The Lay of the Land
Page 16
“I do believe in development.” I said, and geezered around to see who was moving away from us in the shop, sure some would be. Some were.
“If the key fits, wear it.” Paul burned his merciless gap-toothed Teddy Roosevelt smile into me. His short, nail-gnawed fingers began twiddling. This conversation could never have happened between me and my father.
“What’s your favorite barrier?” he said, fingers twiddling, twiddling.
“I don’t know what you’re talking about.”
“The language barrier. What’s your favorite process?” He smirked.
“I give up,” I said, my crushed éminence pathetic and inedible back up on its greasy paper plate.
Paul’s eyes gleamed, especially the injured one. “I know you do. It’s the process of elimination. That’s how you do everything.”
I was back in my rental car, needless to say, and headed to the airport in less than an hour. I will be a great age before I try my luck with a visit there again.
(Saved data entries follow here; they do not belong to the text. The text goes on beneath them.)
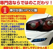 ヘッドライトやテールライトのドレスアップ用レンズフィルム 当店オリジナルブランド商品です。 ドレスアップだけでなく保護用としても活躍 曲面はヒートガン等で温めるとよく伸びるので貼り易いです。 裏面粘着シート 保護フィルム付き(マットブラック、ラメ入りを除く)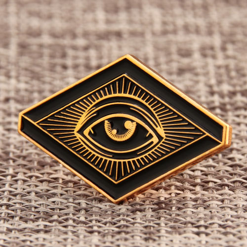 The shape of the glowing eyes custom pins is diamond and the whole of custom enamel pins is only black and gold to fill. Black is used as the background color and gold is used as a decorative color. The inside of the diamond is drawn an eye that is decorated the surrounding of eye with metal lines which like the light from the eye. From the bumpy surface of glowing eyes custom pins, it can be seen that it is made using the soft enamel process. Simple colors and patterns reflect the chic craftsmanship of the enamel pins. Dressed in a collar, hat or sleeve as a decoration, it can show your unique charm.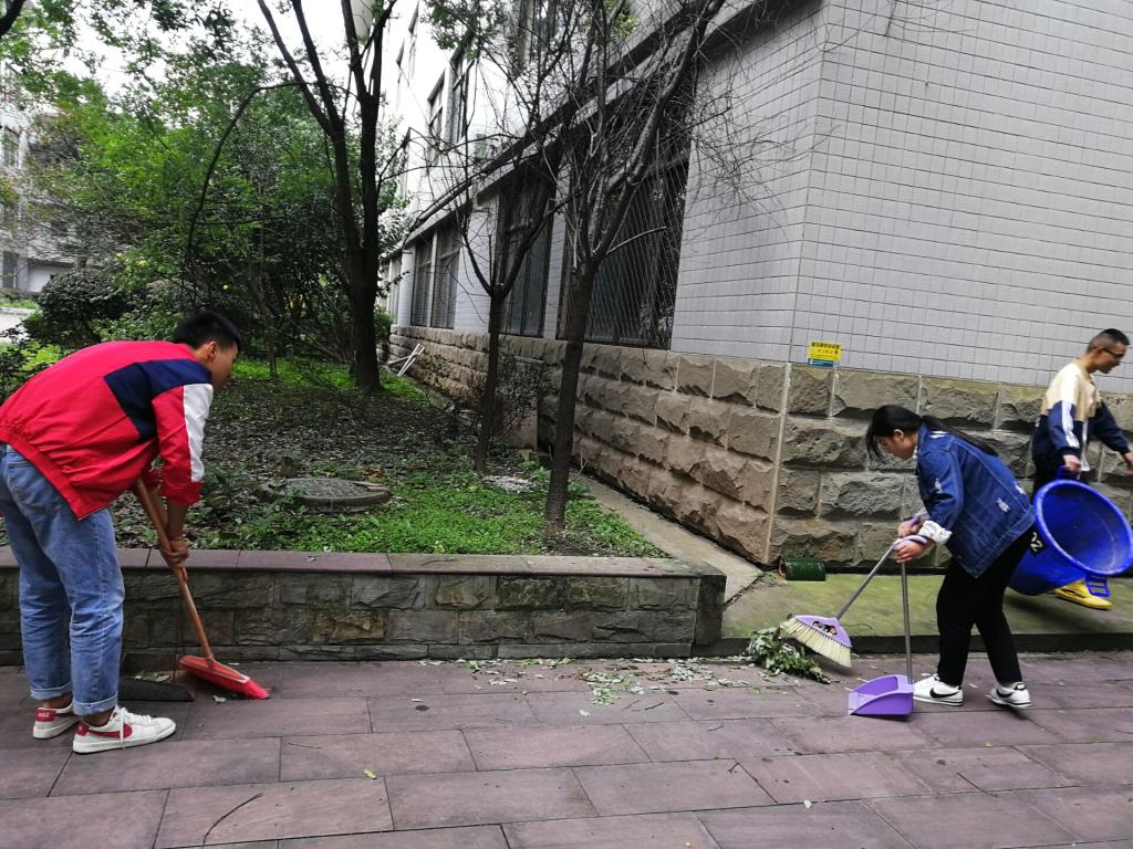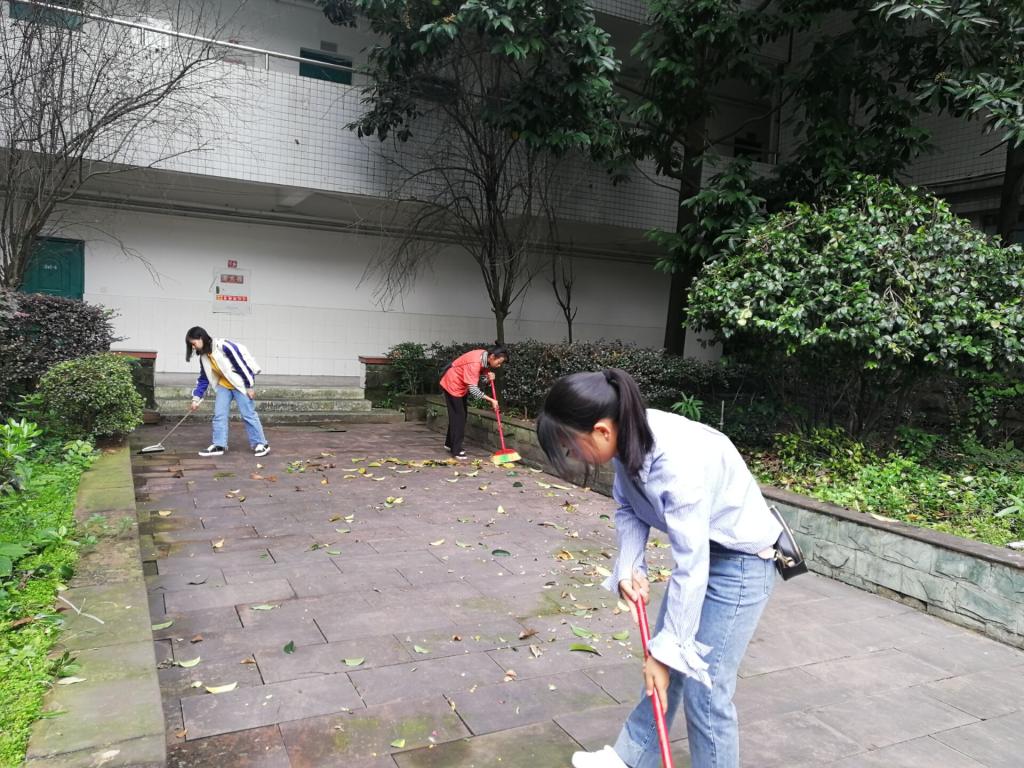 负责人清点人数分组、分发清洁用具,分别对教室和庭院开展清扫工作。由于不少教室的黑板上有长期循环使用导致黑板存在擦不干净的情况,一组志愿者们花费不少功夫将黑板清理干净,同时也将教室里的桌椅擦拭干净。另一组志愿者清扫庭院地上的落叶以及新生分发书籍留下的各种垃圾。最后,检查完教室以及庭院的卫生后,志愿者们来到图书楼门口合影留恋。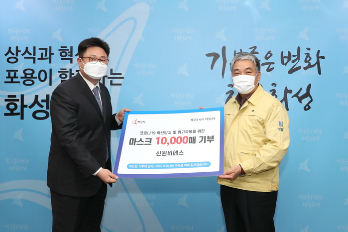 [로컬세계 고용주 기자]경기 화성시는 2일 신원비에스에서 시에 마스크 1만 장을 후원했다고 밝혔다.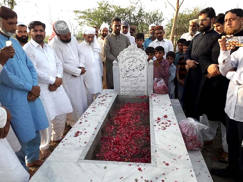 A delegation of PAT leaders and workers led by Khurram Nawaz Gandapur, Noorullah Siddiqi, and Hafiz Ghulam Farid presented themselves at the graves of the six of the martyrs in Lahore, placed floral wreaths and offered Fateh. They also visited the residences of the families to express their solidarity with them and gave this message that MQI and PAT continue to stand by the families of martyrs through thick and thin. The delegates also went to the graves of Tanzila Amjad and Shazia Murtaza Shaheed and made Dua for their souls.

Clarissa’s state of precarious maturation couldn’t be more different. Since college, she’s started a master’s at Columbia Teachers, intending to do work with severely disabled teens (her brother’s mental age), volunteered in a teen-moms shelter in Brooklyn, trained for the marathon, taken some acting lessons, campaigned for local liberals in Gotham and generally lived the rich, well-appointed girl-life with Cookie—who’s a foreign-currency trader for Rector-Speed in the World Trade Center and owns a power co-op on Riverside Drive, looking out at New Jersey. All seemed in place for a good long run.
Only, during this Gotham time—four years plus since college—Clarissa has told me, her life seemed to grow more and more undifferentiated, “both vertically and horizontally.” Everything, she noticed, began to seem a part of everything else, the world become very fluid and seamless and not too fast-paced, though all “really good.” Except, she wasn’t, she felt, “exactly facing all of life all the time,” but was instead living “in linked worlds inside a big world.” (People talk this way now.) There was school. There was her group of female friends. There was the shelter. There were the favorite little Provençal restaurants nobody else knew about. There was Cookie’s many-porched Craftsman-style house on Pretty Marsh in Maine (Cookie, whose actual name is Cooper, comes from the deepest of unhappy New England pockets). There was Cookie, whom she adored (I could see why). There was Wilbur, Cookie’s Weimaraner. There were the Manx cats. Plus some inevitable unattached men nobody took seriously. There were other “things,” lots of them—all fine as long as you stayed in the little “boxed, linked” world you found yourself in on any given day. Not fine, if you felt you needed to live more “out in the all-of-it, in the big swim.” Getting outside, moving around the boxes, or over them, or some goddamn thing like that, was, I guess, hard. Except being outside the boxes had begun to seem the only way it made sense to live, the only “life strategy” by which the results would ever be clear and mean anything. She had already begun thinking all this before I got sick.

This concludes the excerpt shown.